Data extract:
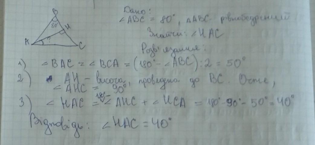 кути при вершині рівнобедреного трикутника дорівнює 80.Знайти кут між основую та висотою проведено до бічної сторони
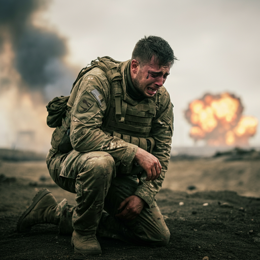 A poignant image captures the raw emotion of war, as a soldier kneels in despair, his face streaked with tears, against the backdrop of a devastating explosion. The low angle shot emphasizes the soldier’s vulnerability and the profound impact of conflict on the human spirit.
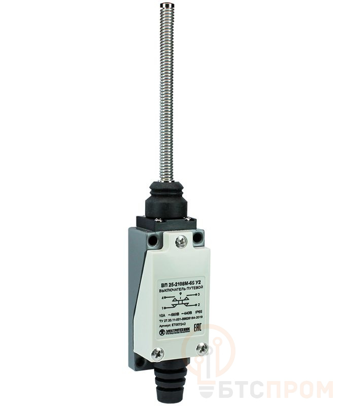 Выключатель путевой ВП 25-2108М-65 У2 1НО+1НЗ 3А IP65 рычаг пружинный безинерционный 21х56мм Электротехник ET007242

Problem description: When a line carries an image, skip the image and repeat everything else above exactly as written.

Result:
 кути при вершині рівнобедреного трикутника дорівнює 80.Знайти кут між основую та висотою проведено до бічної сторони
 A poignant image captures the raw emotion of war, as a soldier kneels in despair, his face streaked with tears, against the backdrop of a devastating explosion. The low angle shot emphasizes the soldier’s vulnerability and the profound impact of conflict on the human spirit.
 Выключатель путевой ВП 25-2108М-65 У2 1НО+1НЗ 3А IP65 рычаг пружинный безинерционный 21х56мм Электротехник ET007242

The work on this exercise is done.